It was an adjustment for the faculty, uncomfortable at the beginning, We didn’t all love it. The training we were required to take around delivery of on-line content was hard for some of us, and outside our skill sets and comfort zones. But our students live all over the country and have full-time jobs. There’s simply no choice, assuming we are committed to delivering the program.
So, maybe an answer to my question: What Does Growth Really Mean? I would argue that growth suggests a maturity and perhaps painful realism that implies: in today’s context, getting bigger means getting wiser, in fact getting tighter and smarter, even smaller, giving up some of what we most love (core repertoire) as an acknowledged trade-off while we learn to do other work really well, bringing augmented skills as performers, teachers and powerful communicators to new contexts.
It hurts to consider that what we most value isn’t as widely shared as we would want. But maybe there are other ways in. No matter what, we’ve got to grow together in terms of understanding. We’re not exempt from the larger context of our times.
Being a Player Versus Being an Audience Member (and sadly, I really do mean “versus”)
It’s so exhilarating to play! In my newly-activated status as an (amateur) cello-player, I’m addicted. I want to practice, and I want to make music. The physicality of playing, the emotional and intellectual challenge and satisfaction, the power of the non-verbal exchange among players – even the endless repeats in a Mendelssohn trio – are glorious.
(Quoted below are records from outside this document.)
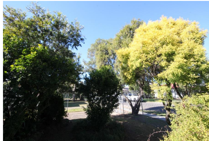
Image 8 above left shows trees 15-21. Image 9 above centre shows tree 21. Image 10 above right shows trees 22-24. Image 11 below left shows tree 25. Image 12 below centre shows tree 26. Image 13 below right shows trees 27 & 28.
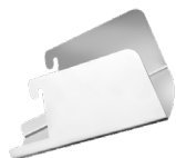
VCHUTE SST ingredient chute
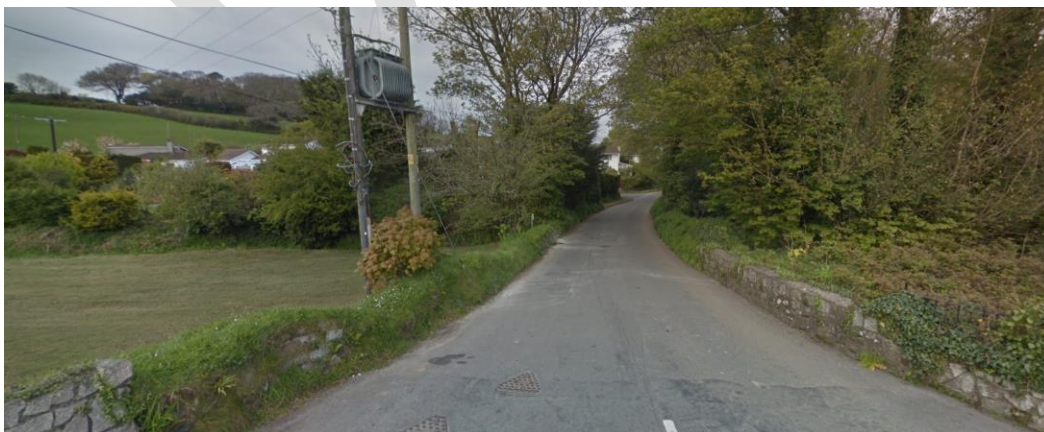
Figure 11: View of Area 2 looking at its south east border

3.6 To the south east, the 20-metre border adjoins the lane leading to Bodelva and is comprised of stone walling with scattered scrub (see image below).
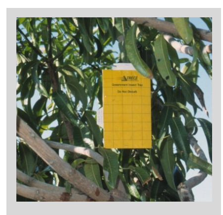
Figure 19. Yellow panel trap.

The Yellow panel trap (YP) consists of a yellow rectangular cardboard plate ( 23~\text{cm} \times 14~\text{cm} ) coated with plastic (Figure 19). The rectangle is covered on both sides with a thin layer of sticky material. The Rebell trap is a three-dimensional YP-type trap with two crossed yellow rectangular plates ( 15~\text{cm} \times 20~\text{cm} ) made of plastic (polypropylene) making them extremely durable (Figure 20). The trap is also coated with a thin layer of sticky material on both sides of both plates. A wire hanger, placed on top of the trap body, is used to hang it from tree branches.
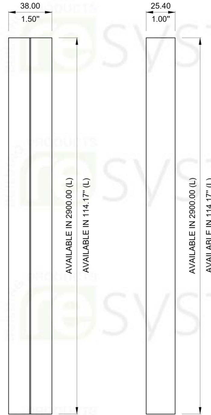
3 PLAN D-9 SCALE 1:2
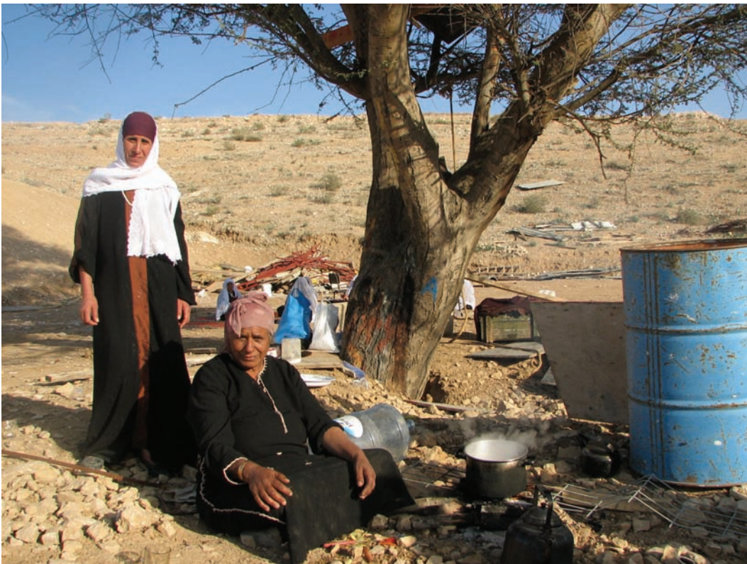
Women in Twayil cook outside after their homes were demolished.

On December 11, 8, 2007, officials from the Israel Land Administration, accompanied by hundreds of police, bulldozers, and trucks, entered the unrecognized Bedouin village of Twayil Abu Jarwal near the Goral junction in the Negev and demolished 20 structures. This was the last of eight times that ILA officials demolished homes of the al-Talalqah tribe in Twayil Abu Jarwal in 2007.
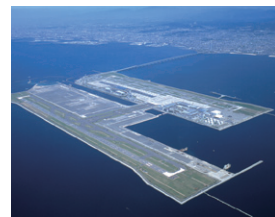
Contract awarded for phase I of construction of an artificial island for Kansai International Airport (1986)

But, I rarely experience music similarly as an audience member. I go to fewer orchestra concerts than I once did. When I hear a performance, I respect what you do, but I don’t often enough feel that I’m sharing anything with you – and it’s that intimacy that I’m actually looking for. It’s as though you are doing your extraordinary work for the ensemble, and for Brahms. But, as an audience member, I’m extraneous. It alienates me. It makes me antsy.
It’s why I want to go more often to a “one-off” experience – the glorious Met Orchestra programs at Carnegie Hall, for example. Why? Because, in addition, of course, to such beautiful playing, is the fact that this program is “special;” it’s only getting played once, the musicians palpably care about the concert, and, as an audience member, I feel invited in. I’m excited to be there.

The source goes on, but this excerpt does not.